Ich erwartete, dass an dieser Pressekonferenz auch der Journalist Petr Uhl teilnimmt, ist er doch Träger des Karlspreises, der höchsten Auszeichnung, die die Sudetendeutsche Landsmannschaft verleiht. Vielleicht schrieb er wenigstens etwas in der Tageszeitung PRAVO, wo er als Redakteur arbeitet?
Ich mache darauf aufmerksam, es ist absolut skandalös, dass in unserem Land die undemokratischen, kriminellen Benes-Dekrete immer noch ein Bestandteil der tschechischen Rechtsordnung sind! Diese legitimierten nachträglich die Vertreibung der tschechoslowakischen Bürger deutscher Abstammung aus ihrer hundertjährigen Heimat, die Beschlagnahme ihrer Habe, ihre bestialische Peinigung und Ermordung. Ihre einzige Schuld war, dass sie deutsch sprachen. In der überwiegenden Mehrheit waren sie absolut unschuldig. Alles geschah unter stillem Einverständnis des Präsidenten Edvard Benes.
Es ist Zeit gekommen, nach vielen Jahren der Vertuschung der tschechischen Greueltaten an den Unschuldigen und Schutzlosen während der Friedenszeit, der „Gebrandmarkung“ jedes Deutschen als Faschist und Nazist, des Verschweigens der kommunistischen Verbrechen, zu beginnen, offen über die Genozide eines Drittels der tschechoslowakischen Bürger deutscher Abstammung, zu reden, falls wir uns jemals für einen fortgeschrittenen und demokratischen Staat halten wollen.
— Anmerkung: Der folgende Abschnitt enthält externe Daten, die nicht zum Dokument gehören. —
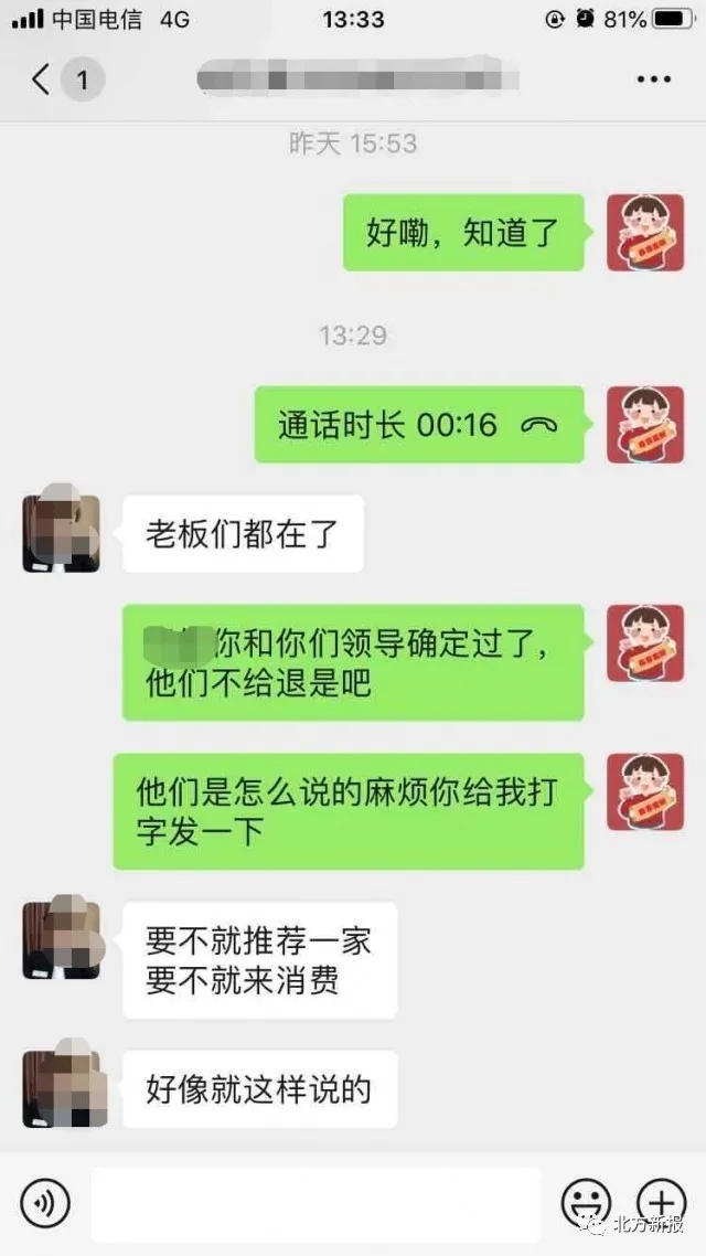 高先生提供給記者的一份微信聊天記錄顯示,當(dāng)高先生提出退還押金的要求時(shí),白泉山莊海世盛宴的工作人員告知,要不就推薦其他人到這里舉辦婚禮,要不就來這里消費(fèi)以抵消押金??傊?,押金是不能退的。
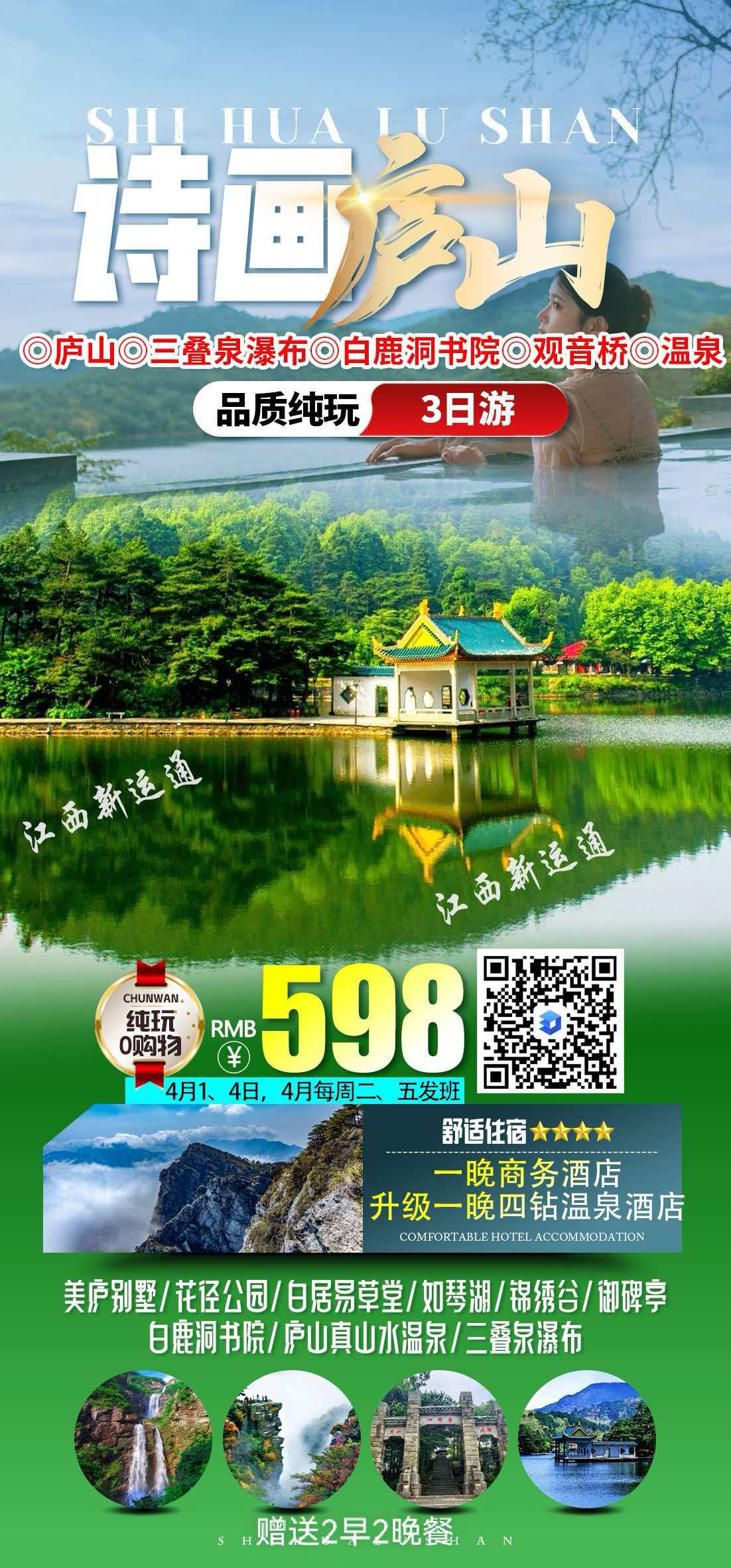 ★ 赠送2早2晚餐,升级1晚四钻温泉酒店住宿(赠送温泉)+1晚商务酒店住宿!
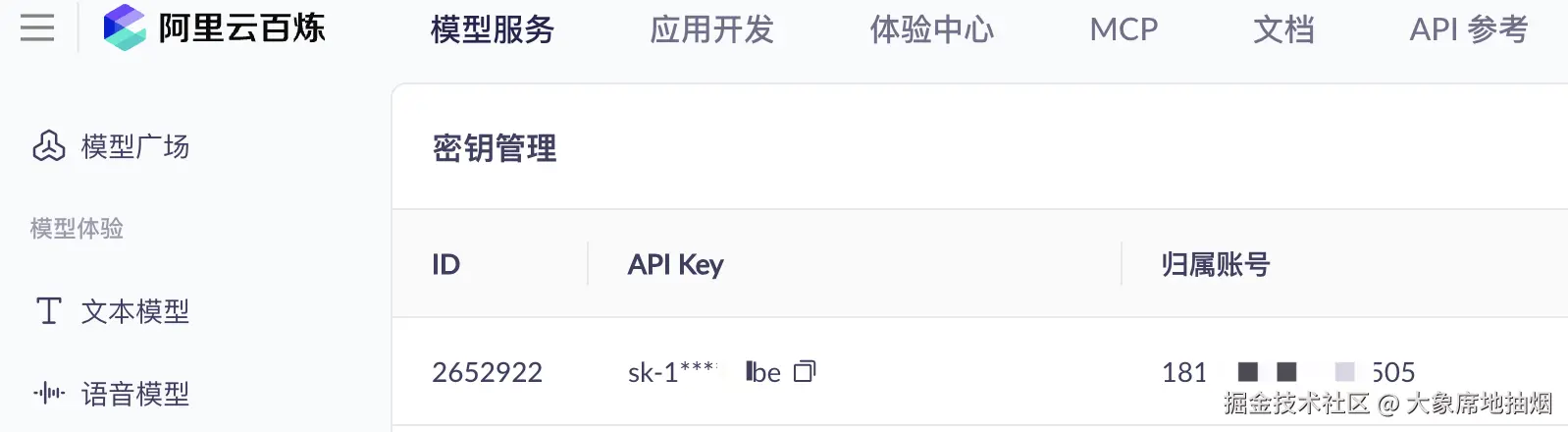 MY_APP_API_KEY是配置在环境变量中的密钥,在百炼大模型的控制台取得,如下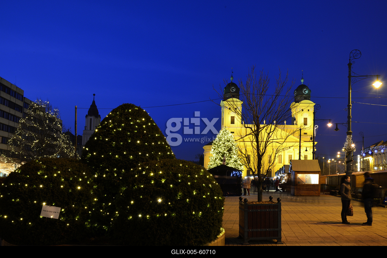 Karácsonyi díszkivilágítás a Kossuth téren, háttérben a Református Nagytemplom.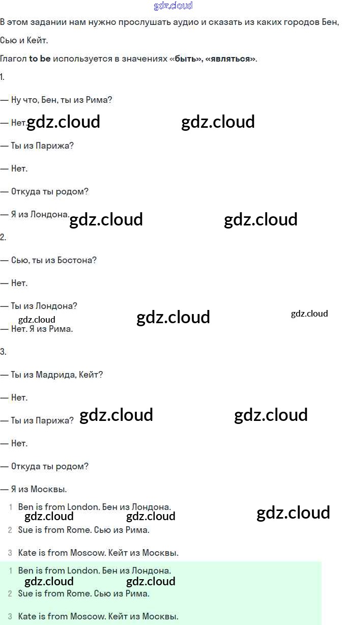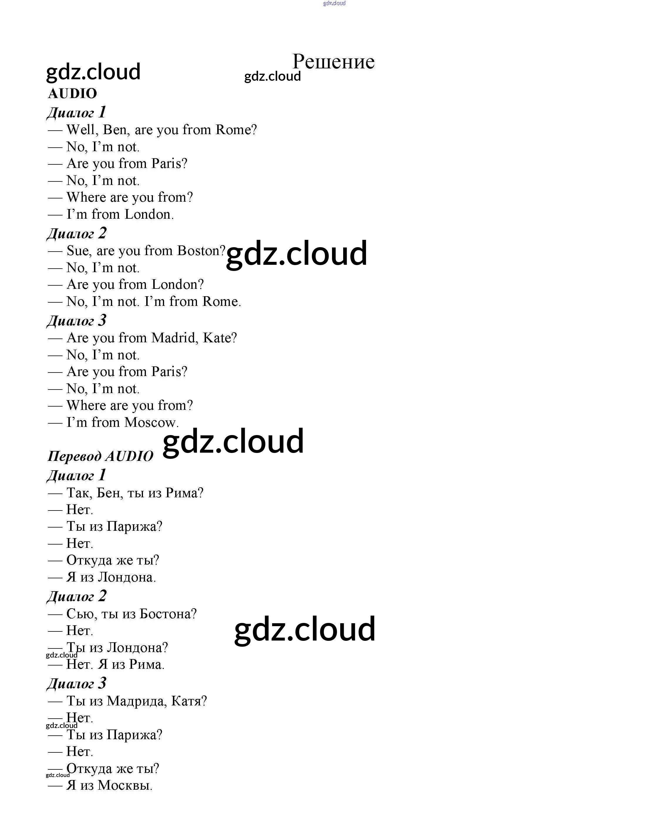 Ответ на задание 1 Учебник Английский язык за 2 (второй) класс Афанасьева, Михеева Rainbow 2017 Часть 1, 2

Nebenbei, die böhmischen Deutschen hatten entscheidenden Anteil an der Wiederherstellung der Wirtschaftskraft von Bayern, wo sich die Mehrheit von ihnen nach der Vertreibung niederließ. In der Tschechoslowakei produzierte dieses Drittel der Bevölkerung zwei Drittel des Nationalproduktes. Für mich besteht kein Zweifel, dass, wenn sie hätten bleiben können, Premier P. Necas heute keine Probleme hätte, Geld für Ärzte zu besorgen, ganz zu schweigen von den anderen Werten, die die böhmischen Deutschen vorzuweisen hatten, zusammen mit den Juden, und die uns heute so dringend fehlen...
Tschechischer Rundfunk: Auch der Prager Erzbischof Dominik Duka empfing den bayerischen Premierminister. Der oberste Vertreter der Tschechischen Katholischen Kirche erinnerte daran, dass erst die beiden Diktaturen, die nationalsozialistische und nachfolgend die kommunistische, das friedliche Zusammenleben der tschechisch- und der deutschsprachigen Prager zerstörte. Die wahren Demokraten und die wahren Gläubigen in Tschechien und in Deutschland halfen sich gegenseitig. Er sagte: „Hoffentlich wird Ihr Besuch dazu führen, dass das Wort München nicht mehr als Synonym für Verrat, Diktatur oder Untergang der Selbstständigkeit steht, sondern zum Namen einer Stadt wird, mit der wir freundschafliche und wichtige geistliche, kulturelle und zwischenmenschliche Zusammenarbeit pflegen“.